==== Supplied records ====

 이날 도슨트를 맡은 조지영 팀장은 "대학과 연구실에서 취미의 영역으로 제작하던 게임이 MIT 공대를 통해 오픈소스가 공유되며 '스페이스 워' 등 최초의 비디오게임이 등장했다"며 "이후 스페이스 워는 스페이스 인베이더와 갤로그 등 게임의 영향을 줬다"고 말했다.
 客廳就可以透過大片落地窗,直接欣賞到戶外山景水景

====
==== Supplied records ====

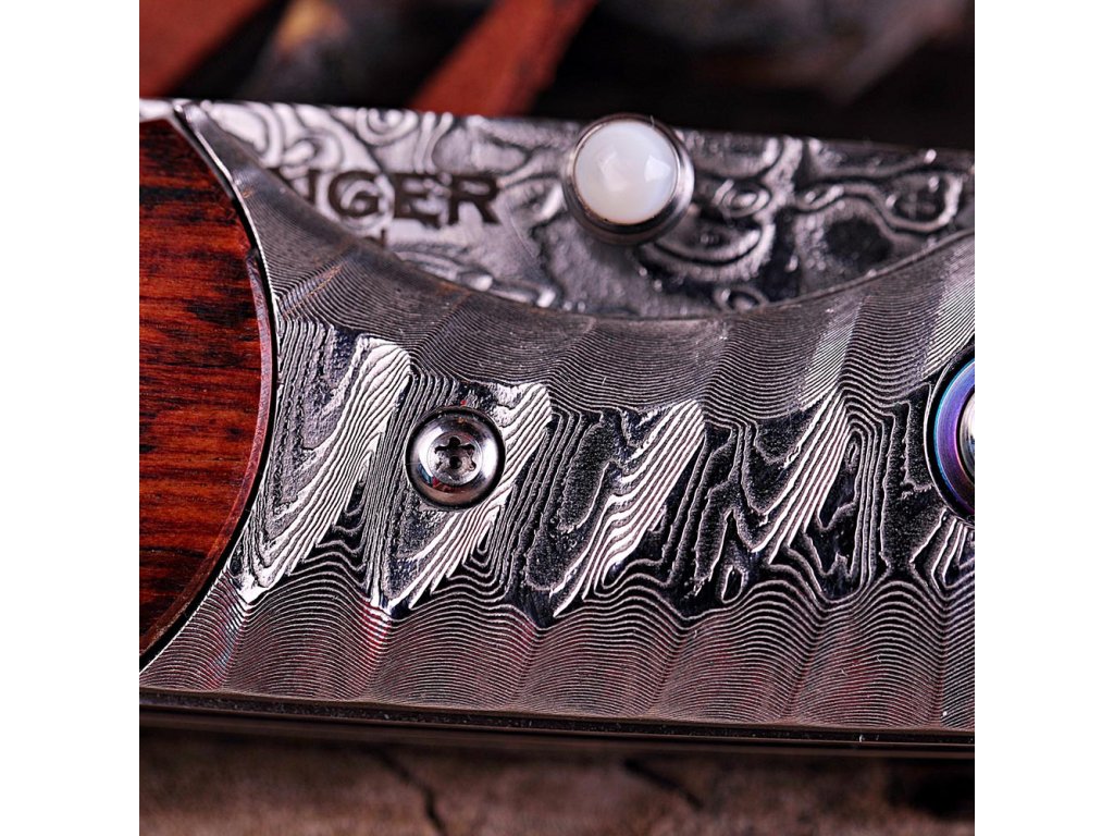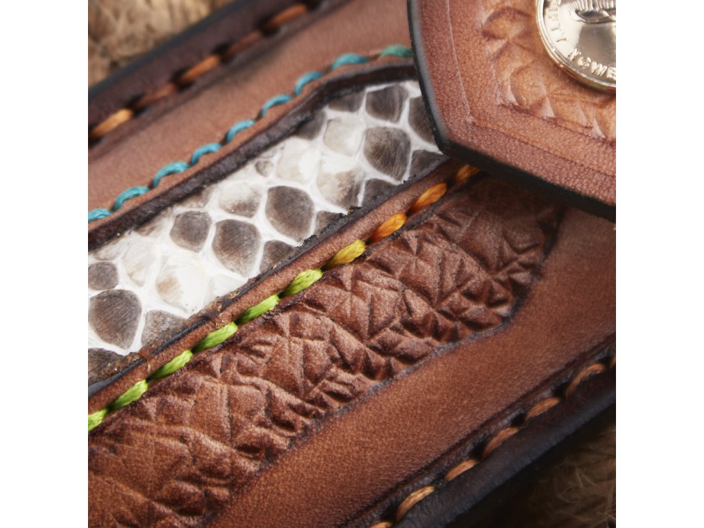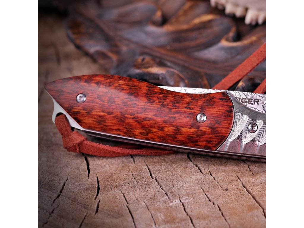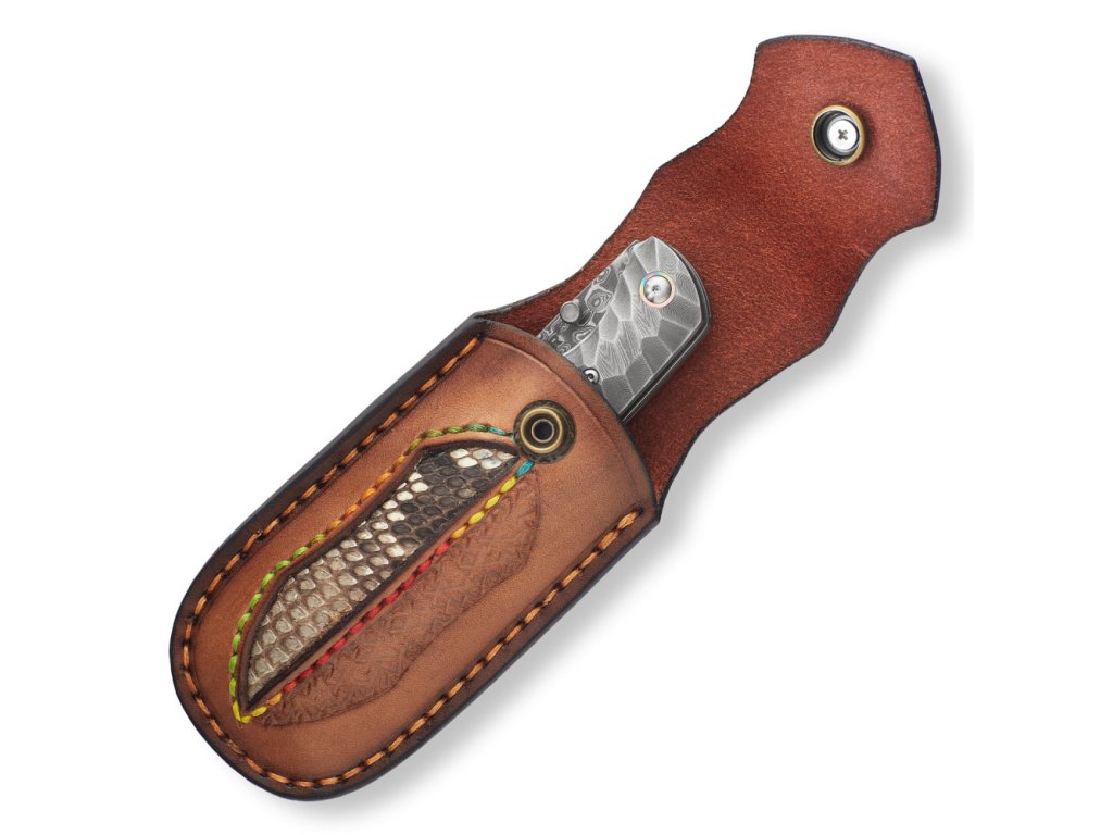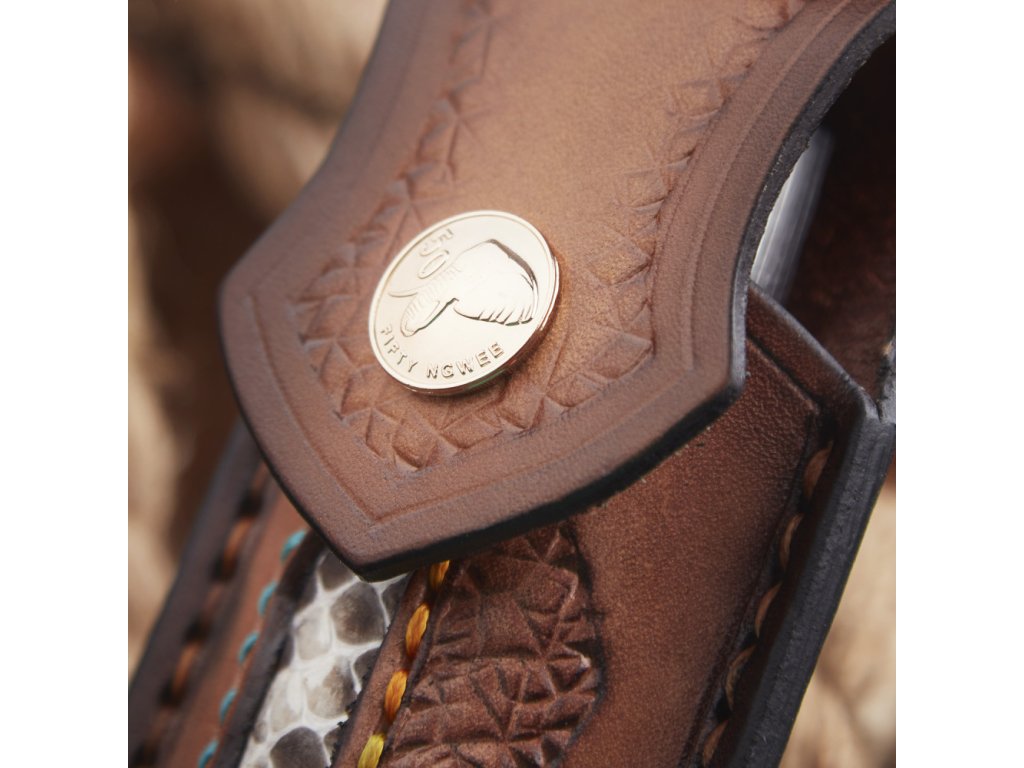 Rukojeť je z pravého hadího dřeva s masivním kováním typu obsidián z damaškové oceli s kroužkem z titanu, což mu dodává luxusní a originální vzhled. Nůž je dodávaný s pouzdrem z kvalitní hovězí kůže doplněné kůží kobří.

====

Looking at the data above, write out exactly the lines that start at the one containing "이날 도슨트를 맡은 조지영" and end at the one containing "客廳就可以透過大片落地窗,直接欣賞到戶外山景水景"; include both and nothing beyond.

 이날 도슨트를 맡은 조지영 팀장은 "대학과 연구실에서 취미의 영역으로 제작하던 게임이 MIT 공대를 통해 오픈소스가 공유되며 '스페이스 워' 등 최초의 비디오게임이 등장했다"며 "이후 스페이스 워는 스페이스 인베이더와 갤로그 등 게임의 영향을 줬다"고 말했다.
 客廳就可以透過大片落地窗,直接欣賞到戶外山景水景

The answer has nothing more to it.